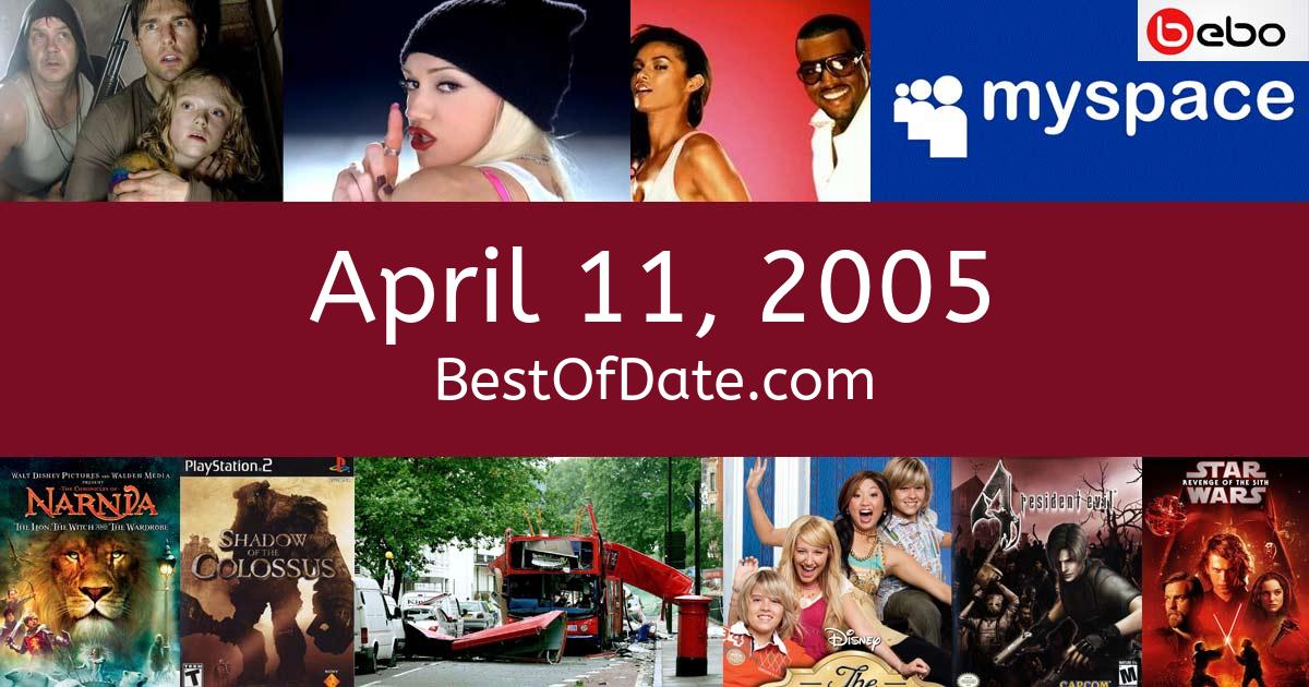 News stories, pop culture trends, and other events that happened around April 11, 2005.
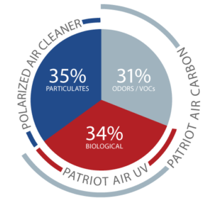 Airborne contaminants are divided into thirds. Patriot PACs (Polarized Air Cleaners) are effective against particulates, like dust and smoke. Patriot IAQ is proven to safely reduce the other two thirds (Odors/VOCs & Biological) that are inside the air system and throughout the home. Since Patriot IAQ installs directly into the central air system, the air is purified and circulated throughout the whole home, so there is no need for individual room air purifiers! Patriot IAQ™ effectively disintegrates captured contaminants, leaving only harmless water vapor and CO₂ which are released back into the air. This process leaves the carbon cells clean so they never fill up or need to be replaced. The result is clean, odor-free air throughout the home.
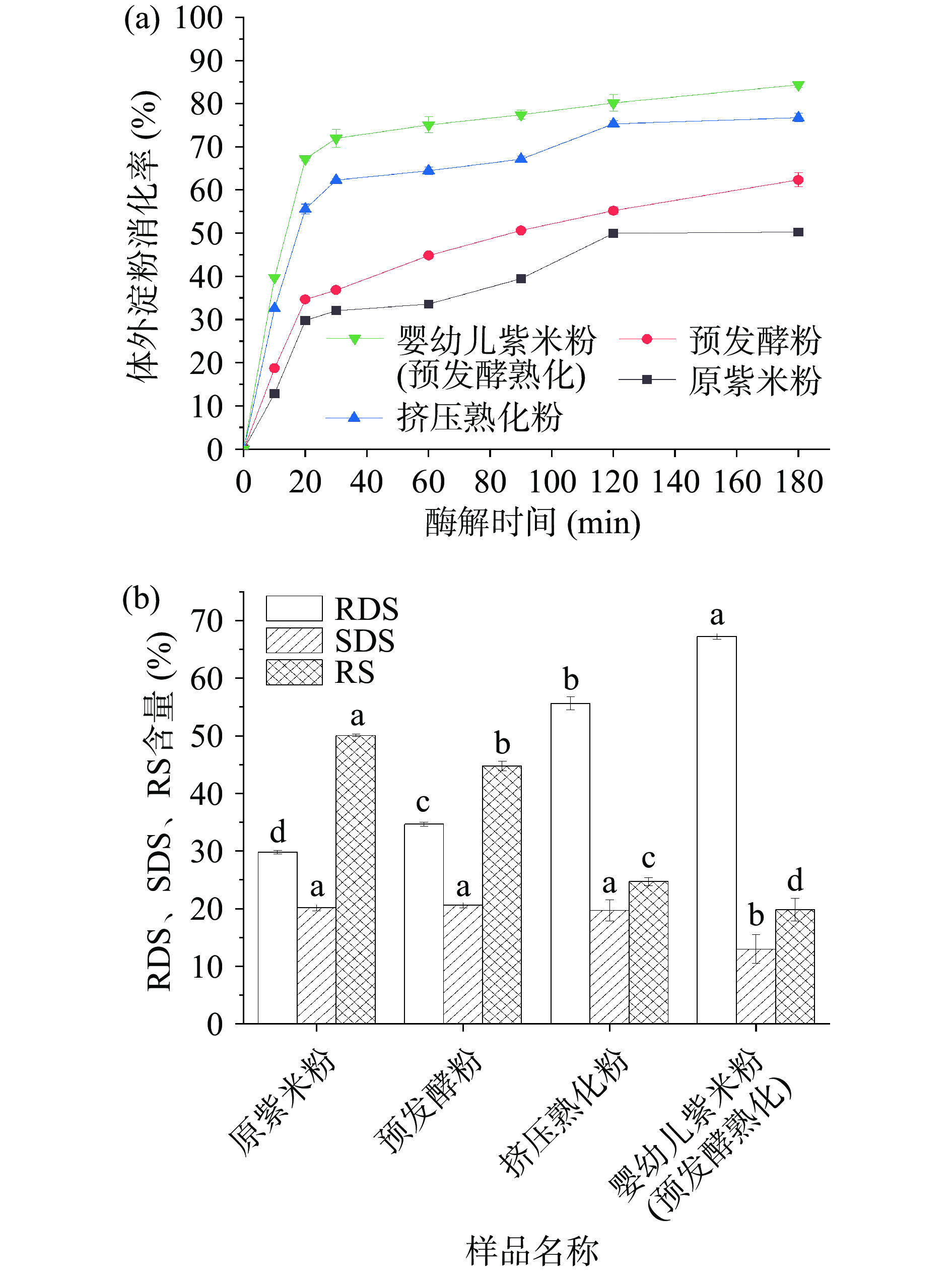 Lactobacillus plantarum), 0.8% inoculation dose, 1:0.8 g/mL solid-liquid ratio, 12 h fermentation time, and 31 ℃ fermentation temperature. Compared with the unfermented purple rice flour as a control, the starch digestibility

#### [EXERCISE]
The data is to be restated word for word, with any pictures set aside.

#### [COMPLETED TASK]
 News stories, pop culture trends, and other events that happened around April 11, 2005.
 Airborne contaminants are divided into thirds. Patriot PACs (Polarized Air Cleaners) are effective against particulates, like dust and smoke. Patriot IAQ is proven to safely reduce the other two thirds (Odors/VOCs & Biological) that are inside the air system and throughout the home. Since Patriot IAQ installs directly into the central air system, the air is purified and circulated throughout the whole home, so there is no need for individual room air purifiers! Patriot IAQ™ effectively disintegrates captured contaminants, leaving only harmless water vapor and CO₂ which are released back into the air. This process leaves the carbon cells clean so they never fill up or need to be replaced. The result is clean, odor-free air throughout the home.
 Lactobacillus plantarum), 0.8% inoculation dose, 1:0.8 g/mL solid-liquid ratio, 12 h fermentation time, and 31 ℃ fermentation temperature. Compared with the unfermented purple rice flour as a control, the starch digestibility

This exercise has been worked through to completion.